Um a sete
Dizem por aí, em tom crítico, que brasileiro só é patriota em épocas de
Copa e Olimpíadas. Acho que é isso que acontece aqui comigo. Nunca entendi bem
o patriotismo, sempre pareceu um sentimento artificial. Desde a escola,
cantando o Hino Nacional ou o Hino à Bandeira em fila, sempre diziam que eu
devia "amar a pátria", mas nunca explicaram o motivo. Isso não me
impediu de crescer e gostar do Brasil. Pelo contrário, tentar enxergar além
desse patriotismo tão abstrato e impalpável me ajudou a perceber que eu de fato
gosto daqui porque me identifico com muitos costumes e características
desse canto do mundo, e não porque devo ter "orgulho de ser
brasileiro".
As únicas épocas em que eu me vejo vibrando simplesmente por ser
brasileiro são durante Copas do Mundo, só porque eu gosto de futebol. Como faço questão de colocá-lo em seu devido
lugar na ordem de relevância das coisas, sigo a verdade já revelada por Nelson
Rodrigues: "o futebol é a coisa mais importante entre as coisas
desimportantes". O futebol emociona, arrebata, mas não muda o mundo. Por
isso posso dizer que torço pela seleção brasileira sem me preocupar em teorizar
demais sobre o assunto. Pensar em futebol brasileiro me traz muitas lembranças
- minha infância, os jogos que eu assistia com meu pai, a própria história das
seleções brasileiras -, tudo converge para me tornar um torcedor da seleção
brasileira de futebol. Mas não vejo necessidade de reconhecer em nenhum desses
motivos algo racional. É um grande alívio poder ser assim irracional com
o futebol, esse desimportante.
Digo isso porque vi muitos amigos torcendo contra a seleção brasileira.

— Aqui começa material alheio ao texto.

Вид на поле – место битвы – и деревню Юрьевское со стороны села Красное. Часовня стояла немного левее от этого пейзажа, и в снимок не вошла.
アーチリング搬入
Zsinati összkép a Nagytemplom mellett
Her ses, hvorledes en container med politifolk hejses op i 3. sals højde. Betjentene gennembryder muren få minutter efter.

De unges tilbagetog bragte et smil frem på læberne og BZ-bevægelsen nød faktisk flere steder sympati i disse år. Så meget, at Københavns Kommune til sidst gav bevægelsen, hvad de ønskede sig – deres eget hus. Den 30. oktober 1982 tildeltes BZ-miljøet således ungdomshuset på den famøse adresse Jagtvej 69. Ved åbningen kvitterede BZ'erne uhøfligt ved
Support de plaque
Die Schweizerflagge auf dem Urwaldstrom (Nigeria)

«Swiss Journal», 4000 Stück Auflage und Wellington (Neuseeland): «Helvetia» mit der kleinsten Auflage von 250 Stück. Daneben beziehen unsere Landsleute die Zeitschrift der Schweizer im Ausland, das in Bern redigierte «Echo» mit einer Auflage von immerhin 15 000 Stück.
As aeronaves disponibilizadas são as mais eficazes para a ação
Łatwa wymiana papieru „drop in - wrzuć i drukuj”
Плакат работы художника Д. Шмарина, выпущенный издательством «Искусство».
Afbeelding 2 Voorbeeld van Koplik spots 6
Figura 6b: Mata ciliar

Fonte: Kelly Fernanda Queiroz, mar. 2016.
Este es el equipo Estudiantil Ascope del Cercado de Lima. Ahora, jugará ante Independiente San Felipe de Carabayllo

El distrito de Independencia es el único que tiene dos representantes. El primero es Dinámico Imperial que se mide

Não fizeram isso porque normalmente já torçam para outras seleções - mesmo porque muitos nem
mesmo gostam de futebol -, mas por acreditarem que a derrota da seleção seria
uma derrota política, derrota dos governantes que contribuíram para os tantos
absurdos que existiram nos anos que antecederam essa Copa. Nesses amigos,
primeiro, eu reconheço boa-fé. São pessoas que buscam ser críticas e
solidárias, isso é valoroso. Apesar disso, e não me levem a mal, há algo de ingênuo
nessa reação. O futebol nem sempre é só futebol, mas também não é isso tudo. O
futebol, diz-se, tem muito de pão e circo. Talvez tenha. Mas é pouco, bem menos do que se diz.

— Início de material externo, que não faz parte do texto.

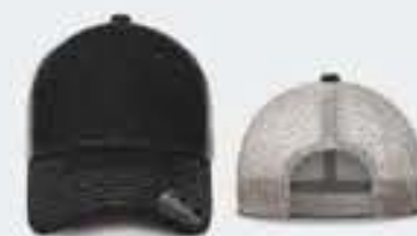
NEGRO/GRIS CLARO SKU: 10492-01014 UNITALLA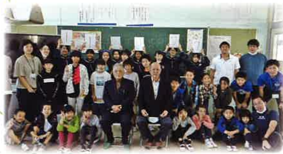
2月22日 竹富小中学校 112,077円

「自分なりの幸せのために(募金を)やってほしいなと思います。ありがとうございました。」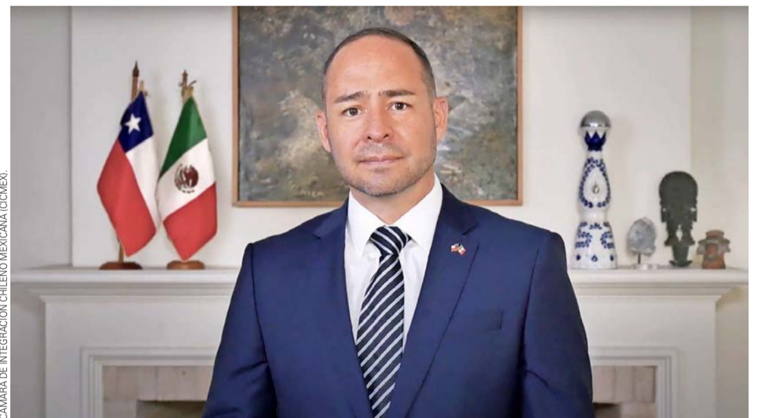
CÁMARA DE INTEGRACIÓN CHILENO MEXICANA (CICMEX)

La responsabilidad de los empresarios es muy clara: seguir aprendiendo e innovando para que la economía crezca; buscando generar un triple impacto positivo: económico, social y ambiental. En resumen, necesitamos que la actividad empresarial sea un motor para la creación de riqueza y bienestar social equitativo.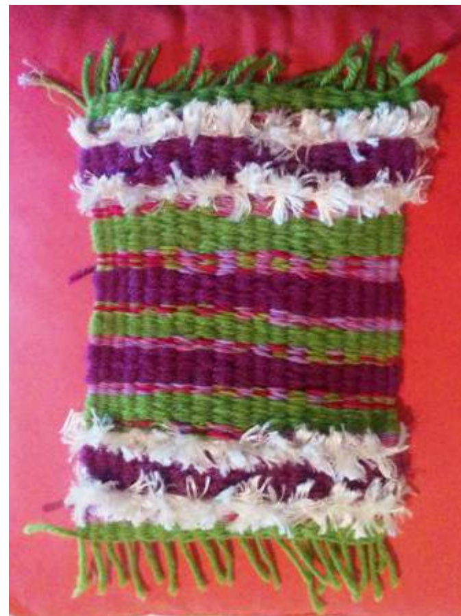
Βιωματικό Εργαστήρι «Ξύλινος αργαλειός»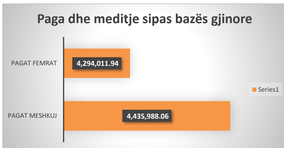
Fig.Tab.13 Paga dhe meditje sipas bazës gjinore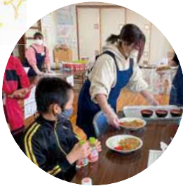
▲5月1日、1回目の子ども食堂の様子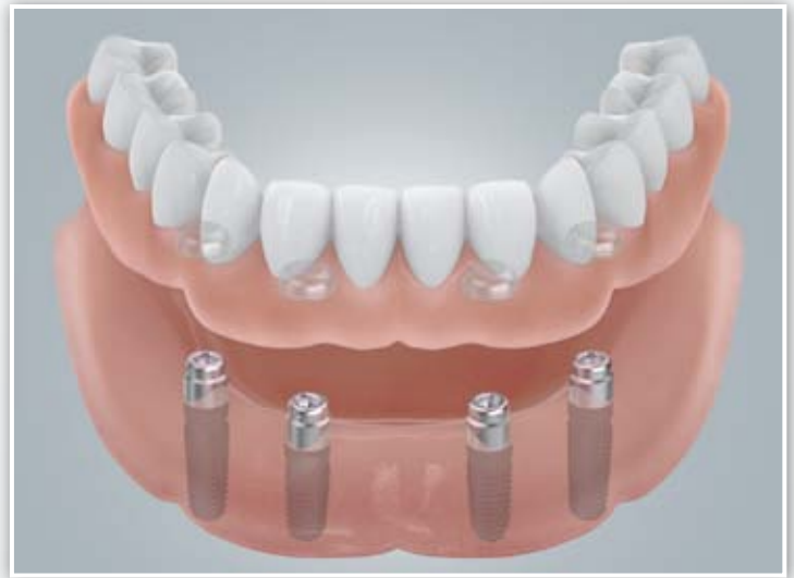
Befestigung mit Druckknöpfen (Locatoren)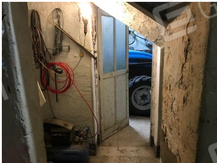
Rimessa nord del piano terra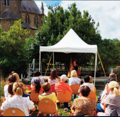
Animations a la bibliotheque pour le 30 eme anniversaire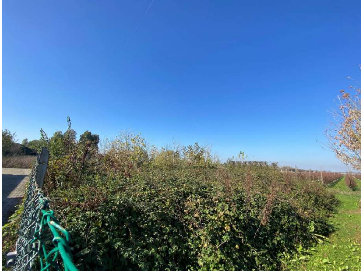
Vista di una porzione dell'area urbana pignorata, contraddistinta dal foglio 16 mappale 33, sub. 38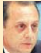
Υπ. Οικονομίας: Αντώνης Μπέζας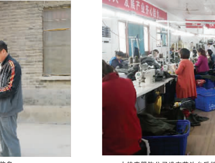
大雄鹰服饰公司设在莲池乡后胡行政村的扶贫车间里工人们正赶制服装。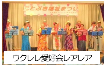
ウクレレ愛好会レアレア

Copas do Mundo são sempre em anos de eleição para Presidente - e a
coincidência para por aí. Em 1994, o Brasil foi campeão e Fernando Henrique foi
eleito. Em 98, o Brasil deu vexame na final e FH foi reeleito. Em 2002, Brasil
campeão do mundo, mas o presidente não elegeu seu candidato. 2006, Brasil
derrotado, mas o Lula foi reeleito. Veio 2010, o Brasil perdeu, mas o
presidente elegeu sua candidata. São 20 anos de eleições e Copas, não é pouca coisa. Talvez, como
se diz, o brasileiro precise aprender a votar. Mas um dos erros a serem
corrigidos não é votar pelo resultado da Copa.

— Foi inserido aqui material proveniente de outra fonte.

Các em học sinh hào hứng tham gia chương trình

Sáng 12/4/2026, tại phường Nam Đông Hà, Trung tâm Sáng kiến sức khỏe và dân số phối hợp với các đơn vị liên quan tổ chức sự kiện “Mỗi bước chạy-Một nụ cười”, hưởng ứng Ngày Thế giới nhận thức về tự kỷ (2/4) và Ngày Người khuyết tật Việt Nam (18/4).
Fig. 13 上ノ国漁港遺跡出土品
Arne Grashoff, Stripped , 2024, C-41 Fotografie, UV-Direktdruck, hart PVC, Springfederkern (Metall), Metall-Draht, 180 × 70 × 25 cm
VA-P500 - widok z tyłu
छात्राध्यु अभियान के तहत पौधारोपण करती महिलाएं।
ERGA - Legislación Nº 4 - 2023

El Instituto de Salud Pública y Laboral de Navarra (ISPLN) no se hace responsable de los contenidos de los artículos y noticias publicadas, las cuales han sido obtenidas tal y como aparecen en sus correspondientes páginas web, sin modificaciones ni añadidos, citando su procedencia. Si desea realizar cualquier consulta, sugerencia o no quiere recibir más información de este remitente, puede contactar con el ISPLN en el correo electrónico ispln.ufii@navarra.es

Quando a seleção brasileira perde, quem perde é ela própria. No máximo podemos
dizer que perde também o futebol brasileiro como um todo, ainda mais em derrotas
como a de ontem (que explicitam haver mais de podre no futebol do que um
time mal treinado). Não perdem os políticos, não perdem “os corruptos”, não
perde o partido do governo, nem o prefeito, o governador, a presidente. Não
vence a violência policial, não vencem as violações de direitos humanos, não
vencem as desocupações de populações pobres, não vencem os estádios caríssimos
que serão subutilizados. A seleção perdeu, só ela, e nada disso mudará. Se tivesse
vencido, nada mudaria também.
Não há nada de errado em não torcer pela seleção. É compreensível que desanime quem se sensibiliza com tudo isso. Mas torcer contra assim, sem
razão, é só um pensamento vingativo vazio, sem sentido. É apontar esforços, mesmo que bem intencionados, à
direção errada. Uma derrota da seleção brasileira não é uma vitória política.